> Material provided
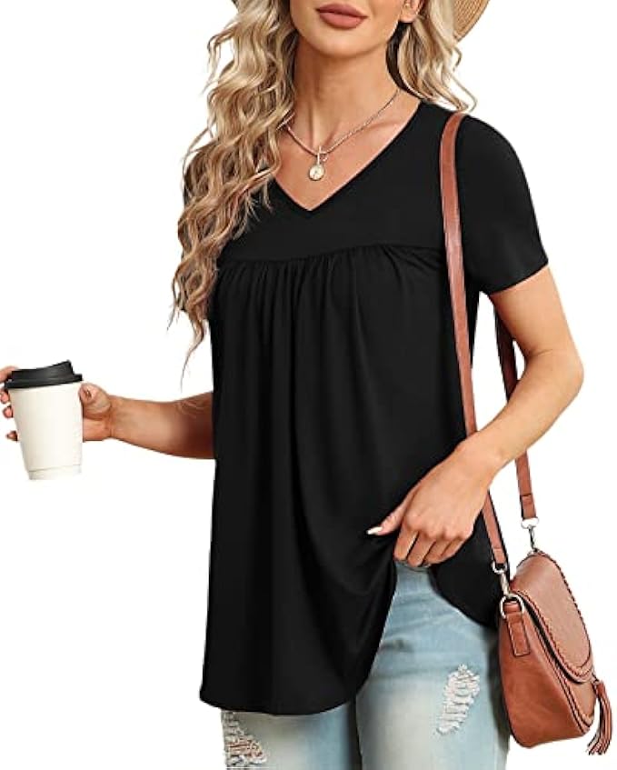 Great stretchy fabric: 95% Rayon, 5% Spandex. Super soft-touch, comfy and elastic. Imported Pull On closure Machine Wash 【 Chic Design 】 Casual style top, V Neck tunic, chest splicing, wrinkle design, short sleeve Tshirt, solid color and printing, horn shaped hem. This is the perfect balance of practicality and fashion. And with its loose and flowy design, it's great for hiding your stomach and creating a slimming effect. 【 Suitable Occasion 】 This V-Neck Short Sleeve Tops match with for any occasion, Suitable for party, shopping, wedding, outdoor, dating, home, club, work, beach, school or leisure day wear, etc. The materials are soft and elastic, Not lined, It is perfect for all seasons. 【 US Size 】 Small/US 4-6, Medium/US 8-10, Large/US 12-14, X-Large/US 16-18, XX-Large/US 20-22, 3X-Large/US 24. Only for reference. 【 Clothing matching 】 This V-neck casual Tunic Top is slim and fashionable, which can better show your figure. Great with necklace, earrings, jeans, shorts, tights, bell bottoms, yoga pants, chiffon cardigan, jacket, sandals and boots. Delicate skin friendly fabric, strong draping feeling, not easy to deform, so that you wear natural, relaxed, dynamic and elegant. 【 Attention 】 1. The "White" and "Floral White" tops looks a little bit see through, suggest wear a nude or lighter color bra or underwear. 2. The Floral Print is random, we couldn't ensure the position of floral print on each dress, but they are definitely made of same pattern fabric. 3. Due to computer image resolution and monitor settings, this tops colors or print may vary slightly depending on the display.
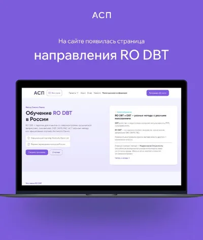 На сайте АСП появилась отдельная страница, посвященная направлению RO DBT А это значит, что: 📍 теперь вам не нужно идти в Гугл и узнавать, что такое RO DBT — мы подробно описали это на сайте 📍 н
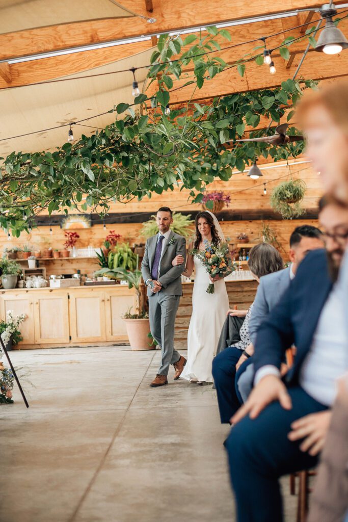 The ceremony space at The Arnold House looked like a garden brought indoors. Wooden ceilings and beams we hung with ferns, potted plants, and Edison bulbs created a cozy, warm vibe. Vibrant floral arrangements in yellows, peaches, blues, and whites lined the aisle. Wooden folding chairs added a rustic touch, while string lights glowed overhead.
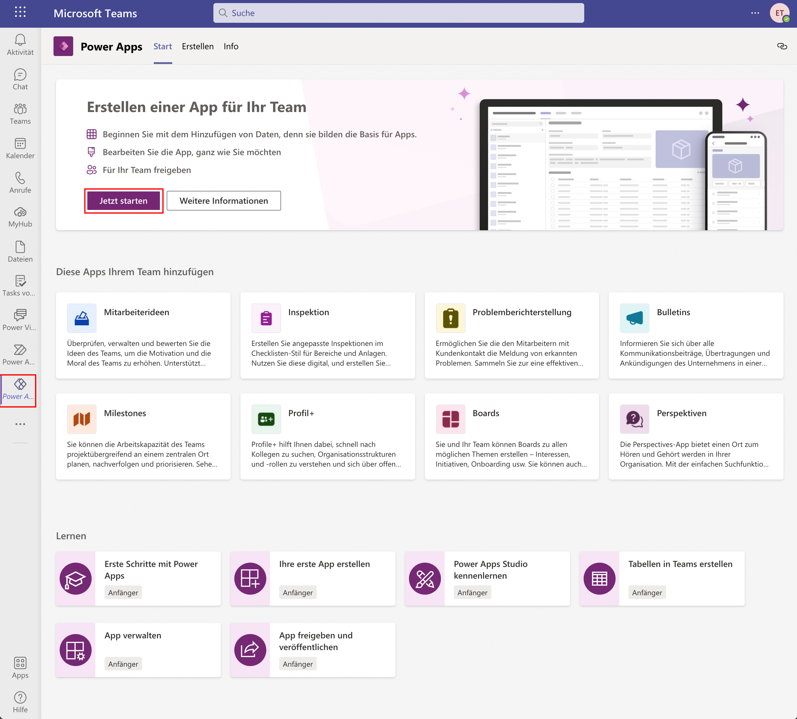Power Apps in Teams installieren
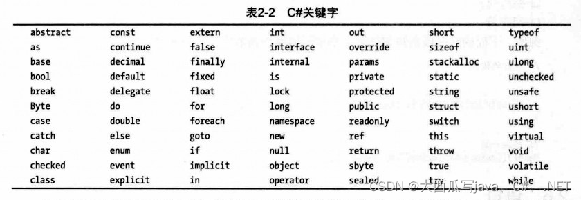 关键字是用来定义C#语言的字符串记号。表2-2列出了完整的C#关键字表。
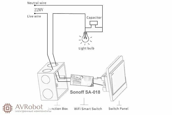 Sonoff SA-018 умный выключатель света без нейтрального провода
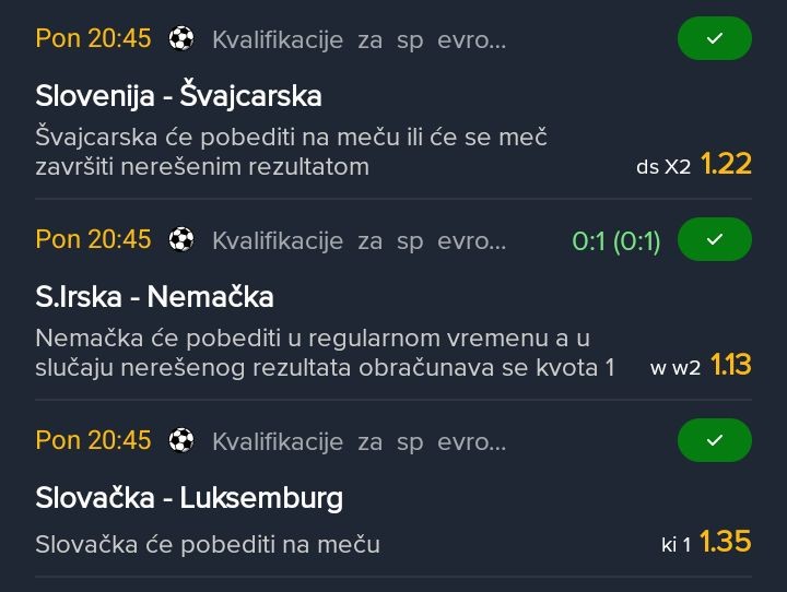 20:45 Slovenija - Švicarska W2 korneri - Švicarska će imati vise kornera od protivnika na meču (1,50) WIN ✅

> Problem to work on
Print every entry word for word; omit the pictures.

> Your solution
 Great stretchy fabric: 95% Rayon, 5% Spandex. Super soft-touch, comfy and elastic. Imported Pull On closure Machine Wash 【 Chic Design 】 Casual style top, V Neck tunic, chest splicing, wrinkle design, short sleeve Tshirt, solid color and printing, horn shaped hem. This is the perfect balance of practicality and fashion. And with its loose and flowy design, it's great for hiding your stomach and creating a slimming effect. 【 Suitable Occasion 】 This V-Neck Short Sleeve Tops match with for any occasion, Suitable for party, shopping, wedding, outdoor, dating, home, club, work, beach, school or leisure day wear, etc. The materials are soft and elastic, Not lined, It is perfect for all seasons. 【 US Size 】 Small/US 4-6, Medium/US 8-10, Large/US 12-14, X-Large/US 16-18, XX-Large/US 20-22, 3X-Large/US 24. Only for reference. 【 Clothing matching 】 This V-neck casual Tunic Top is slim and fashionable, which can better show your figure. Great with necklace, earrings, jeans, shorts, tights, bell bottoms, yoga pants, chiffon cardigan, jacket, sandals and boots. Delicate skin friendly fabric, strong draping feeling, not easy to deform, so that you wear natural, relaxed, dynamic and elegant. 【 Attention 】 1. The "White" and "Floral White" tops looks a little bit see through, suggest wear a nude or lighter color bra or underwear. 2. The Floral Print is random, we couldn't ensure the position of floral print on each dress, but they are definitely made of same pattern fabric. 3. Due to computer image resolution and monitor settings, this tops colors or print may vary slightly depending on the display.
 На сайте АСП появилась отдельная страница, посвященная направлению RO DBT А это значит, что: 📍 теперь вам не нужно идти в Гугл и узнавать, что такое RO DBT — мы подробно описали это на сайте 📍 н
 The ceremony space at The Arnold House looked like a garden brought indoors. Wooden ceilings and beams we hung with ferns, potted plants, and Edison bulbs created a cozy, warm vibe. Vibrant floral arrangements in yellows, peaches, blues, and whites lined the aisle. Wooden folding chairs added a rustic touch, while string lights glowed overhead.
Power Apps in Teams installieren
 关键字是用来定义C#语言的字符串记号。表2-2列出了完整的C#关键字表。
 Sonoff SA-018 умный выключатель света без нейтрального провода
 20:45 Slovenija - Švicarska W2 korneri - Švicarska će imati vise kornera od protivnika na meču (1,50) WIN ✅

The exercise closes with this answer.